Output files can be changed using the follow declarations:

`%header FILENAME': Change the currently active declaration header file to `FILENAME', which is interpreted relative to the current input file. This option has no effect for languages without header files (Java and C#). Any node types and operations that are defined after a `%header' declaration will be declared in `FILENAME'.
`%output FILENAME': Change the currently active source file to `FILENAME', which is interpreted relative to the current input file. This option has no effect for languages that require a single class per file (Java). Any node types and operations that are defined after a `%header' declaration will have their implementations placed in `FILENAME'.
`%outdir DIRNAME': Change the output source directory to `DIRNAME'. This is only used for Java, which requires that a single file be used for each class. All classes are written to the specified directory. By default, `DIRNAME' is the current directory where treecc was invoked.

When treecc generates the output source code, it must insert several common house-keeping functions and classes into the code. By default, these are written to the first header and source files. This can be changed with the `%common' declaration:

`%common'

Output the common house-keeping code to the currently active declaration header file and the currently active source file. This is typically used as follows:

%header "common.h"
%output "common.c"
%common

Tracking line numbers in source files

When compilers emit error messages to the programmer, it is generally a good idea to indicate which file and which line gave rise to the error. Syntax errors can be emitted fairly easily because the parser usually has access to the current line number. However, semantic errors are harder to report because the parser may no longer be active when the error is detected.

Treecc can generate code that automatically keeps track of what line in the source file was active when a node is created. Every node has two extra private fields that specify the name of the file and the line number. Semantic analysis routines can query this information when reporting errors.

Because treecc is not aware of how to obtain this information, the programmer must supply some additional functions. See section API's available in the generated output, for more information.
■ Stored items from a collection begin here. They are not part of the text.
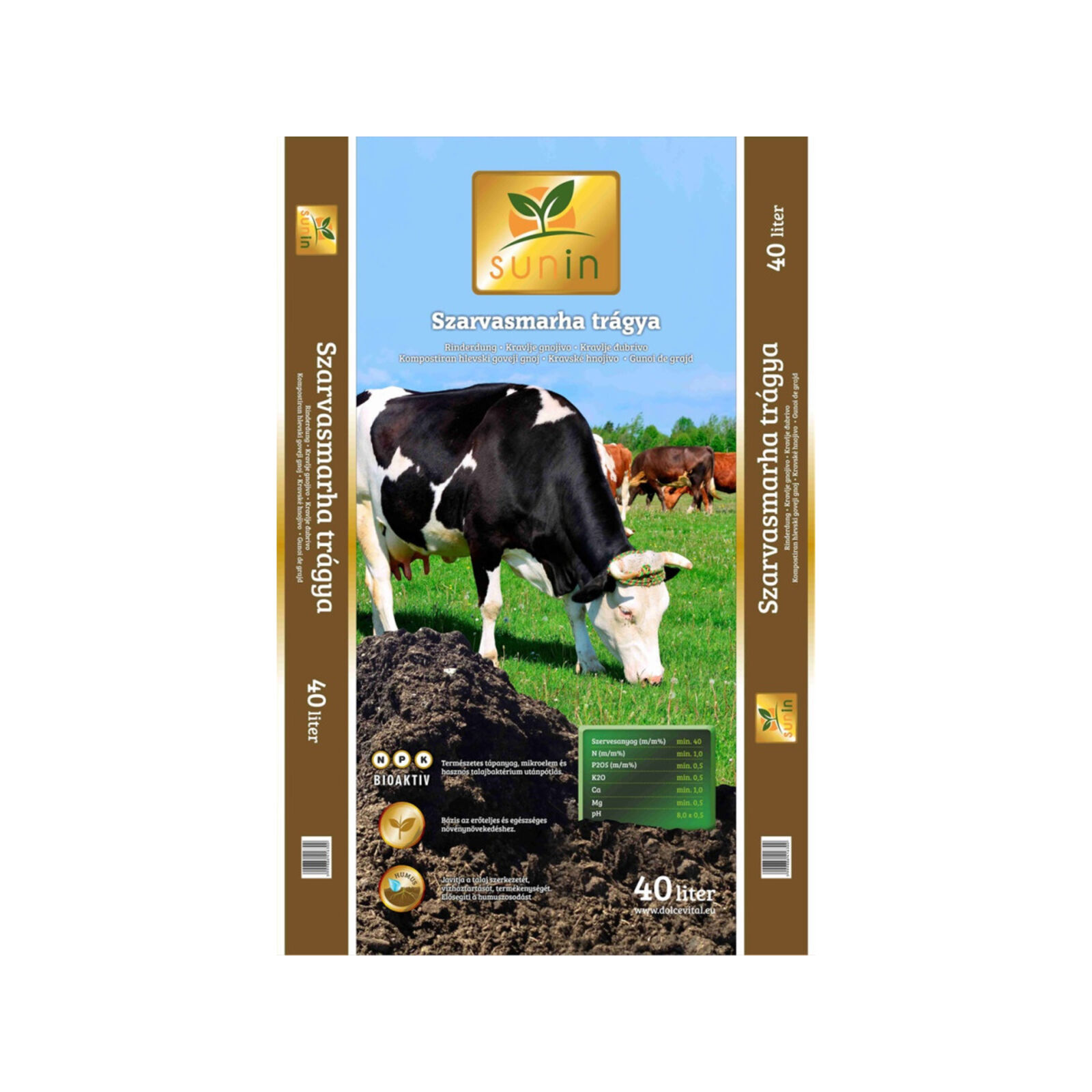 8,0+-0,5 pH Kiváló minőségű komposzt szarvasmarha trágya. Felhasználható szerves anyagban és mészben szegény talajok javítására, gyümölcsfák, díszfák, szőlő telepítésekor termesztő közeg alkotórészeként. Összetétel: 100% szarvasmarha trágya. Kiszerelés: 40liter és 20 liter A szabadtartásból származó szarvasmarha trágyát gondos odafigyeléssel komposztáljuk, így egy érett, száraz, idegen anyagoktól mentes alapanyagot használunk termékünkhöz.
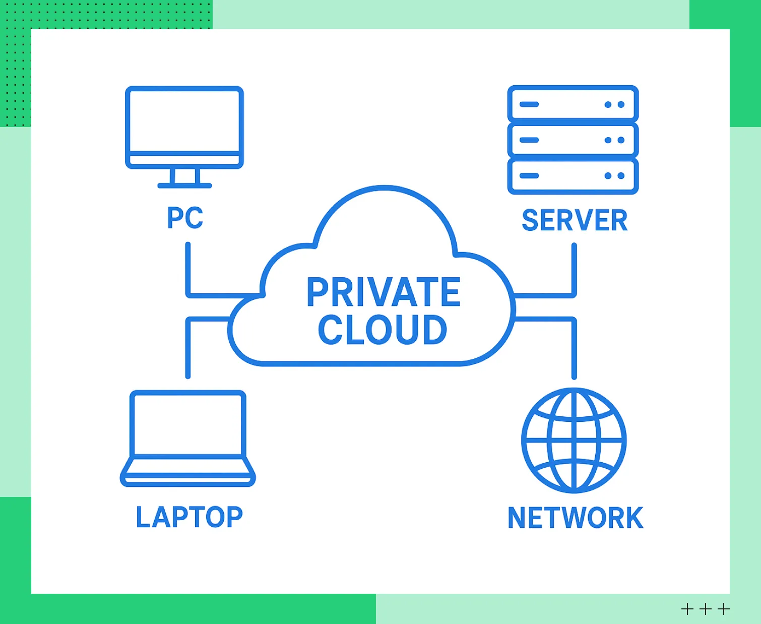 Частное облако — инфраструктура, предназначенная для одной организации. Она размещается в дата-центре компании либо у провайдера. Во втором случае доступ к ресурсам для других пользователей будет закрыт.
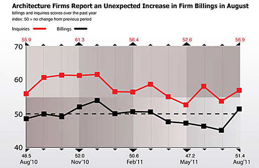 On the heels of a period of weakness in design activity, the Architecture Billings Index (ABI) took a sudden upturn in August. As a leading economic indicator of construction activity, the ABI reflects the approximate nine to twelve month lag time between architecture billings and construction spending. The American Institute of Architects (AIA) reported the August ABI score was 51.4, following a very weak score of 45.1 in July.
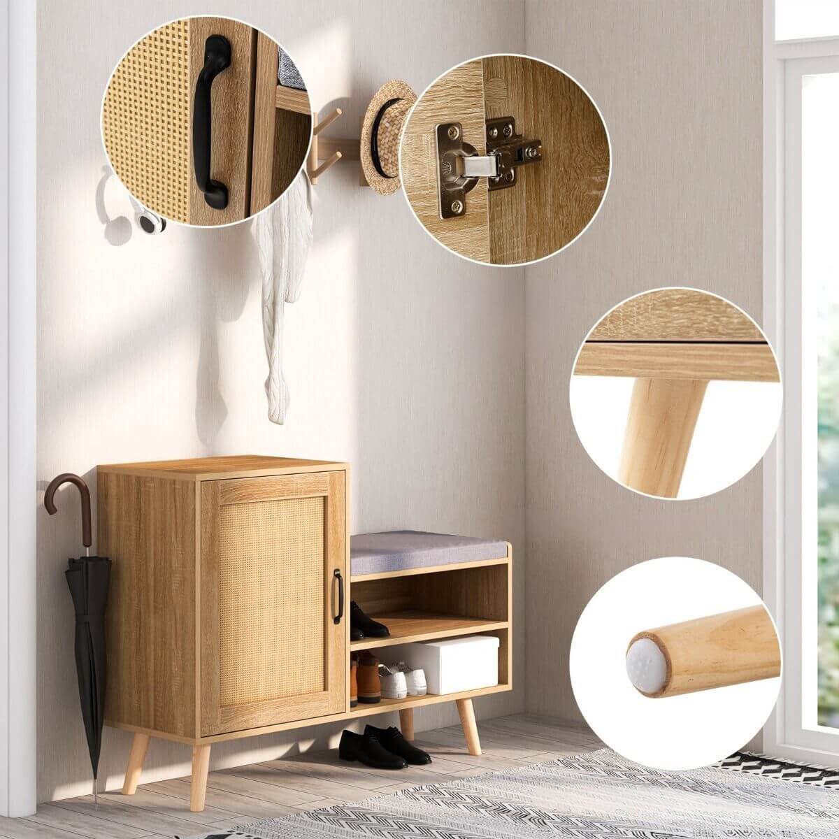 Batų spintelė yra pagaminta iš aukštos kokybės rotango ir tvirto medžio, kas užtikrina baldų patvarumą ir ilgaamžiškumą. Stabilios pušinės kojelės su neslystančiomis pagalvėlėmis suteikia stabilumą ir leidžia spintelės apkrovai siekti net iki 160 kg.
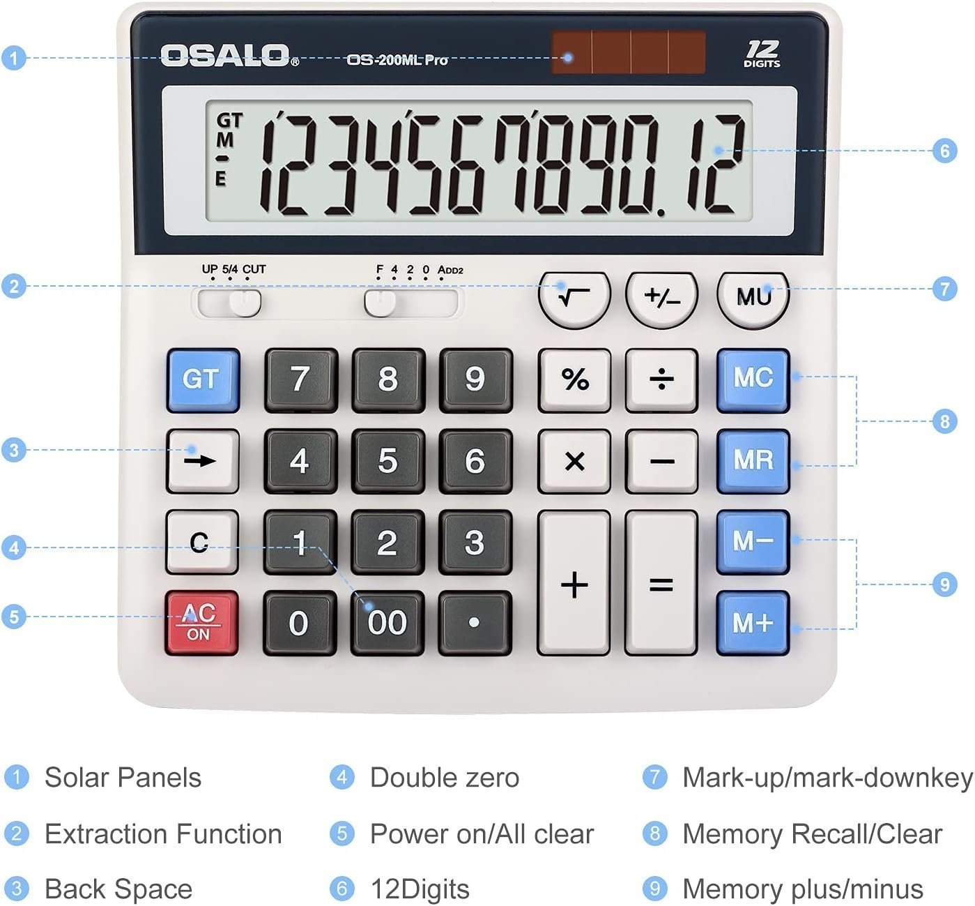 OSALO Desktop Calculator Extra Large LCD Display 12-Digit Big Number Accounting Calculator (OS-200ML)
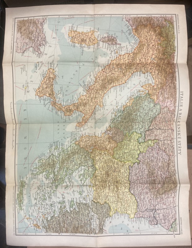 Kuchař, Karel: ITALIE BALKÁNSKE STÁTY BALKÁN 2 SV. VÁLKA MAPA 1:3,000.000, 1943
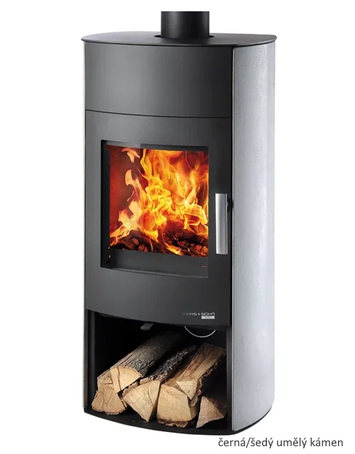 Dvouplášťová teplovzdušná (konvekční) kamna luxusní řady PREMIUM s velkým prosklením, na bocích šedý umělý kámen nebo přírodní kámen. Kamna je možné vybavit akumulační sadou, a tak využijete sálavé teplo na maximum.
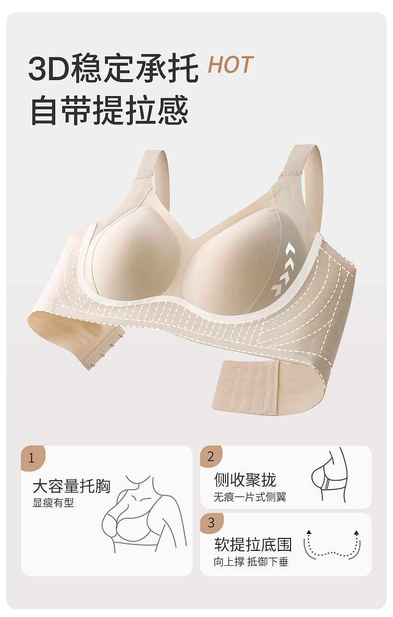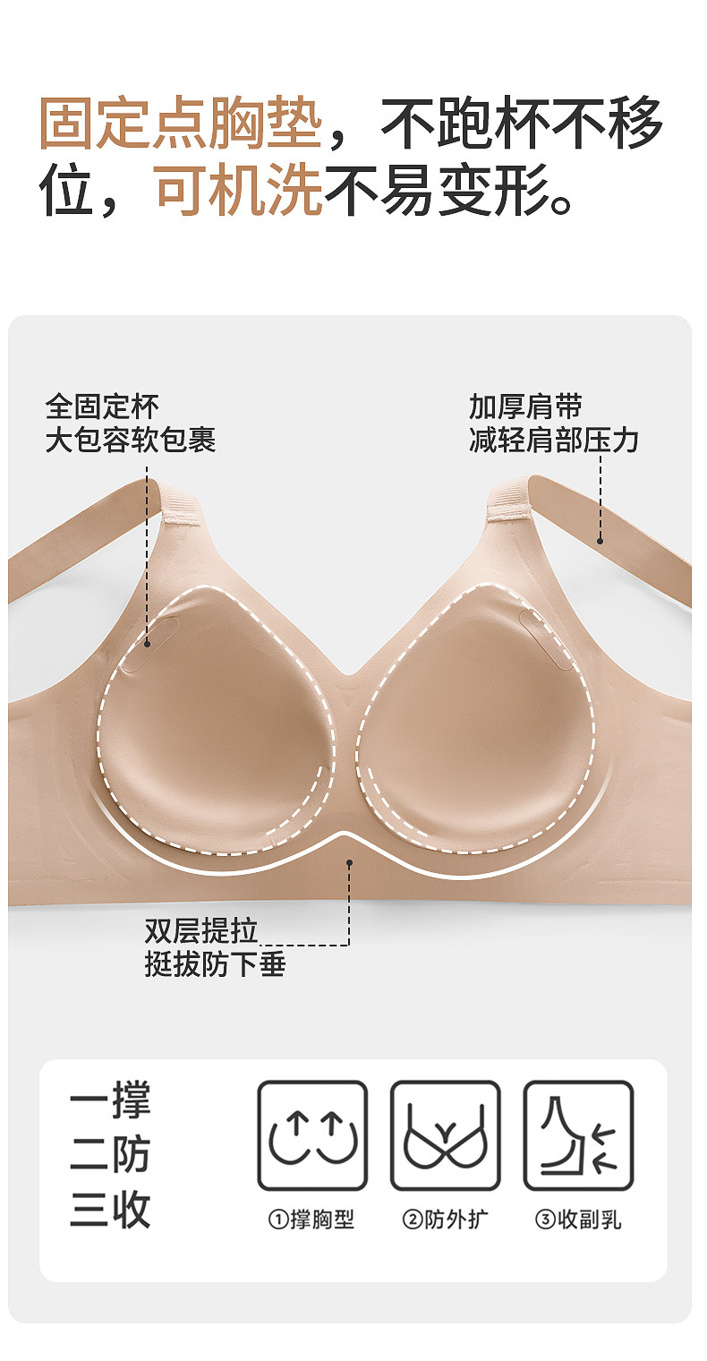 古今@無痕內衣女大胸顯小薄款提拉反重力聚攏無鋼圈運動舒適文胸

See section API's available in the generated output, for more information.

API's available in the generated output

The source code that is generated by treecc exports a number of application programmer interfaces (API's) to the programmer. These can be used elsewhere in the compiler implementation to manipulate abstract syntax trees. The following sections describe the API's for each of the output languages.

C Language APIs

In the C output language, each node type is converted into a `typedef' that contains the node's fields, and the fields of its ancestor node types. The following example demonstrates how treecc node declarations are converted into C source code:

%node expression %abstract %typedef =
{
    %nocreate type_code type;
}
%node binary expression %abstract =
{
    expression *expr1;
    expression *expr2;
}
%node plus binary

becomes:

typedef struct expression__ expression;
typedef struct binary__ binary;
typedef struct plus__ plus;

struct expression__ {
    const struct expression_vtable__ *vtable__;
    int kind__;
    char *filename__;
    long linenum__;
    type_code type;
};
struct binary__ {
    const struct binary_vtable__ *vtable__;
    int kind__;
    char *filename__;
    long linenum__;
    type_code type;
    expression * expr1;
    expression * expr2;
};
struct plus__ {
    const struct plus_vtable__ *vtable__;
    int kind__;
    char *filename__;
    long linenum__;
    type_code type;
    expression * expr1;
    expression * expr2;
};

Programmers should avoid using any identifiers that end in `__'. Such identifiers are reserved for internal use by treecc and its support routines.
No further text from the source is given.